Environmental laws wedge state into hydrological corner
Over the past 40 years, California has slowly painted itself into a corner by reprioritizing water supplies to the environment while ignoring the need for improving our water supply, infrastructure and storage.
By failing to invest in adequate water infrastructure and storage such as the Peripheral Canal and Temperance Flat Dam, next year California may well face the worst water shortage in its history. Our growing state is ill-equipped to cope with dry years that bring decreased rainfall and reduced snowpack.
In addition, court decisions based on the Endangered Species Act have further cut our water supplies -- reallocating water to fish and taking it from agricultural needs. These factors combined this past year to create a "perfect storm" and even led to water rationing in some districts. Next year may very likely be worse, particularly given how low our stored water supply is due to last year's shortages.
Most recently, in Natural Resources Defense Council v. Kempthorne, a federal judge ordered pumping from the two Sacramento-San Joaquin Delta pumps to be reduced by one-third from December through June due to Endangered Species Act protections on the diminishing population of the delta smelt, a two- to three-inch fish that lives only in the delta. Despite the absence of conclusive scientific data to suggest the delta pumps are the cause of the decline in population, the ESA still mandates reduced pumping, which last year resulted in 900,000 acre- feet of water lost to the ocean. This is already having a devastating effect on the Central Valley's agriculture industry and could soon lead to water rationing in Southern California households.
State and federal contracts provide for export of up to 7.5 million acre-feet of water from the delta pumps each year. About 83 percent of this water is used for agriculture and the remainder for urban uses in central and Southern California.
Further, more than two-thirds of California's population get at least a portion of its drinking water from the delta. It would be irresponsible for any public official to allow the pumps to sit idle again this year as thousands of acre-feet of water flow toward the ocean.
We can no longer afford to succumb to irrational environmental policies and judicial decisions. It is time for action. It is time to identify the problem and implement a solution.

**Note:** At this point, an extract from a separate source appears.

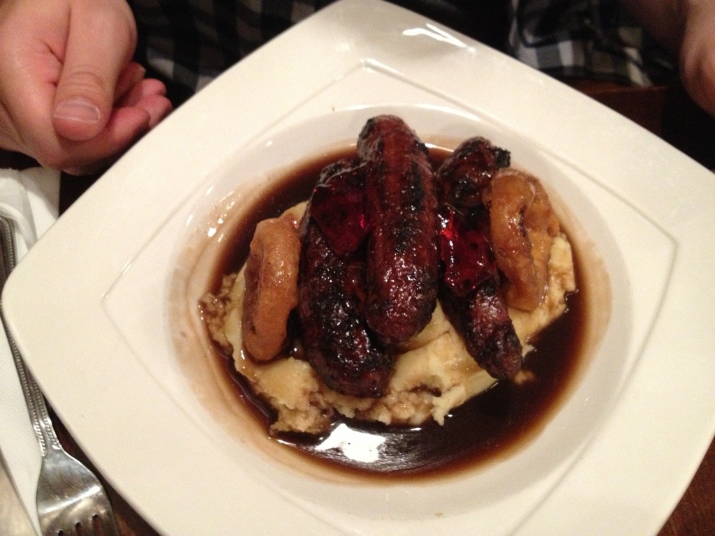 So delish! Super crispy fish and chips! Absolutely amazing with malt vinegar and mayonnaise! Adam had wild venison bangers and mash with black current jelly and stout gravy. Whoa! It was really good. The sweet and tangy jelly worked perfectly with the earthy, savory venison sausage and smokey gravy. Yum!

One of the main problems is the Endangered Species Act and its lack of flexibility in light of the drastic impact of its mandates on the economy of an entire state, and, most importantly, on human beings and their livelihoods. The immediate solution on this front is the bipartisan legislation that we introduced last week with other members of the California delegation. The California Drought Alleviation Act gives the secretary of the interior the ability to temporarily exempt the delta pumps from the ESA during times of extreme water shortage -- such as now -- in order to fill reservoirs to provide for agriculture and urban use.
Additionally, the CDAA protects the delta smelt by ordering the secretary of the interior to work in cooperation with the state Department of Fish and Game to develop a "conservation fishery" with the goal of preserving the smelt until we learn more about what is harming the population and how to best preserve it.

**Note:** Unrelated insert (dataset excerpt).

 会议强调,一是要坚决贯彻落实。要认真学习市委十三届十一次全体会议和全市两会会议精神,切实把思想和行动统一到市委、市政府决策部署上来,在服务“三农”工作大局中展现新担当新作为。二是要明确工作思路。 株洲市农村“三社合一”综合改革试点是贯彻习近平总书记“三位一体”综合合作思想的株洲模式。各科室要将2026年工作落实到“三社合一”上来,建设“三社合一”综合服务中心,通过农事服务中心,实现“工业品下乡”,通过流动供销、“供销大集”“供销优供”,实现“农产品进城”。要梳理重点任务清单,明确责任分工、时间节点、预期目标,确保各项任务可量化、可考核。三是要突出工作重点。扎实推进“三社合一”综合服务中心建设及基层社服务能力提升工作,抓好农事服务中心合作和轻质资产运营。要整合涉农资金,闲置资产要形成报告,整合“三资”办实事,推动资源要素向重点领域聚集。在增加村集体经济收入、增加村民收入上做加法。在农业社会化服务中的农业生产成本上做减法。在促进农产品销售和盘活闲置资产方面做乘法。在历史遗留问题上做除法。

Californians are tired of the divisive politics of water. No longer can they afford political gamesmanship on an issue of such far-reaching importance. They need a consistent water supply to provide for their families, sustain jobs, fuel our economy and continue California's tradition as the breadbasket of this country.

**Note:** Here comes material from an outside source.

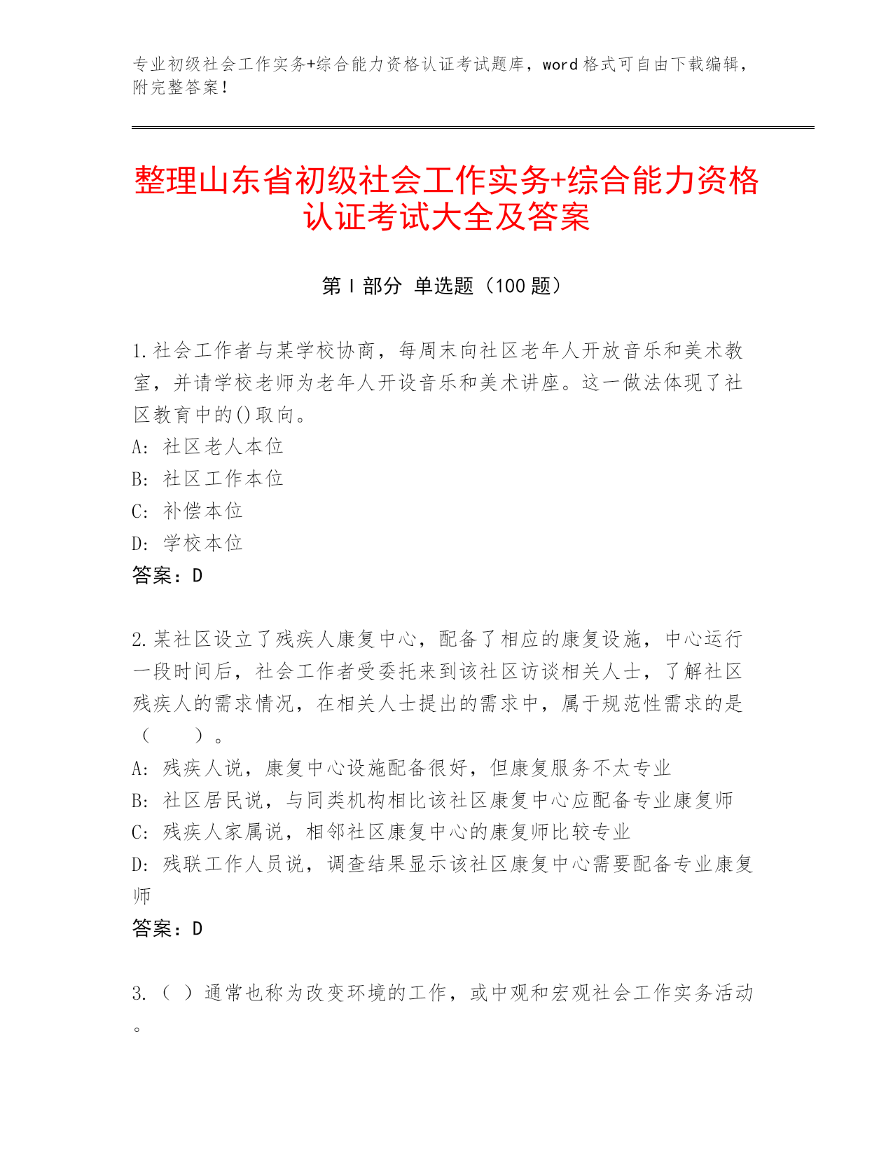 整理山东省初级社会工作实务+综合能力资格认证考试大全及答案

Congress needs to pass the CDAA, temporarily suspend the ESA and allow the delta pumping stations to store water in the San Luis Reservoir and prepare California for what could be a devastating 2009 for agriculture and urban water users.
We are ready and willing to continue to work toward a long-term solution to California's water needs, but in the meantime we cannot afford to let our state dry up and blow away simply for the sake of protecting a few small fish.
George Radanovich, R-Mariposa, represents California's 19th Congressional District, and Jim Costa, D-Fresno, represents the 20th Congressional District in the U.S. House of Representatives.